Visitors to Israel would be foolish not to go on an excursion of the Judean Desert when staying in Jerusalem: not only because of the desert’s proximity but also because once you’ve arrived and the sand has settled, mirages of ancient history and former splendour appear seemingly out of nowhere.
Some fifteen minutes eastward from central Jerusalem by car, the Holy City suddenly disappears from view. Here, on the other side of the famous Mount of Olives, sun-baked pavements and densely populated neighbourhoods make way for the hilly terrain and hidden valleys of the Judean Desert. It’s a route that many a visitor in this part of Israel will take at one point or another, for what lies ahead is an assemblage of spellbinding sites whose very allure derives from their having weathered the ages.
One of these is Mar Saba monastery. Built into the gorge of the Kidron Valley, the tiered structure with small towers, domed buildings, high walls and steep stairs is all the more impressive thanks to its spectacular setting. But Mar Saba is more than an architectural marvel. Look in either direction of the compound and your eyes will fixate on black holes in the ravine. This network of caves, scattered across some 2km along the slope, is where 1,500 years ago, the first hermit monks arrived to live a solitary existence away from worldly distractions (and the occasional, treacherous apostle, we’d like to think).
Its survival throughout the centuries places the complex among the oldest near-continuously inhabited monasteries in the world, with twelve Greek Orthodox monks residing within the walls of Mar Saba to this day. Fascinating as it is, this place is often overlooked in favour of another site stretching even further into the past. To get there, we drive an hour or so south from Mar Saba. The oily Dead Sea, the lowest point on Earth and a highlight of any visit to Israel, shimmers like a Labradorite crystal on our left, while to our right, the Qumran Caves, where the Dead Sea Scrolls were discovered in 1946, lie in complete silence.
Masada is visible from the road long before you arrive. Built atop an enormous rock plateau, the ruins of Herod the Great’s palatial fortification are tinged in the glory of days gone by – but also in tragic.
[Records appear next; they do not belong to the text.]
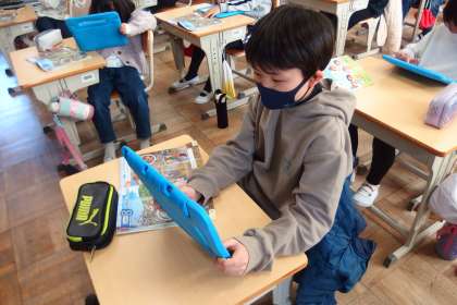 2月9日の東広瀬小学校(31) 公開日 2023/02/12 更新日 2023/02/12 活動の様子 3年生の外国語活動の授業です。 「これなあに」をテーマに英会話をするために、タブレットを使ってネタ探しをしている3年生です。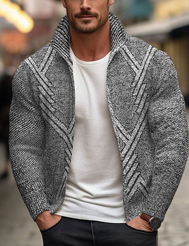 בגדי ריקוד גברים סוודר סוודר קרדיגן סוודר רוכסן ז'קט סוודר מצולע לִסְרוֹג חתוך סרוג גאומטרי עומד חימומים מודרני עכשווי לבוש יומיומי ליציאה ביגוד חורף כחול נייבי אפור כהה M L XL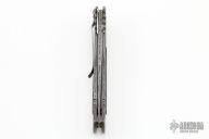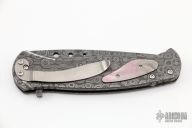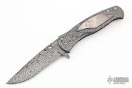This Assisted Open linerlock by Matthew Lerch features a Damascus blade with notched flipper tab. The handle has a Damascus frame with black lip pearl overlays. The handle has a tip down clip. Nice action and blade seating. Has a couple light scuffs, excellent condition.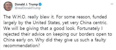 트럼프 “WHO가 코로나19 방역 전부 망쳐… 中 중심으로 일해”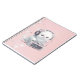 Gatito con radio y auriculares en fondo rosa con bloc de notas de estrellas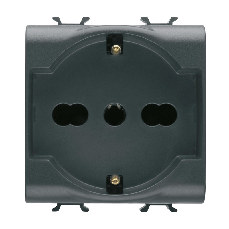 Gewiss Chorus 250V- 2P+E 16A bivalente Schuko-Steckdose, 2 Module, Farbe schwarz

According to legend, some 967 Jewish zealots took their own lives here to escape enslavement by the Romans, who sieged the fortress in 74 AD. Excavations of skeletal remains don’t nearly add up to this number, though with local striped hyenas feeding on bones, it’s easy to see how those who die here would be swallowed whole by the Judean desert.
Just when you think that the region is a place defined by its past, however, you encounter its present. Bedouin communities still live here, and you’ll see their dwellings on the roadside. No longer nomadic, their lives are somewhere between cars and camels, mobile phones and water cisterns, Jerusalem and Judea. At times, all that divides a Bedouin village and a modern, Jewish settlement, are a hundred metres of barren desert. If there was a path between the two, it would span some 2,000 years of human history.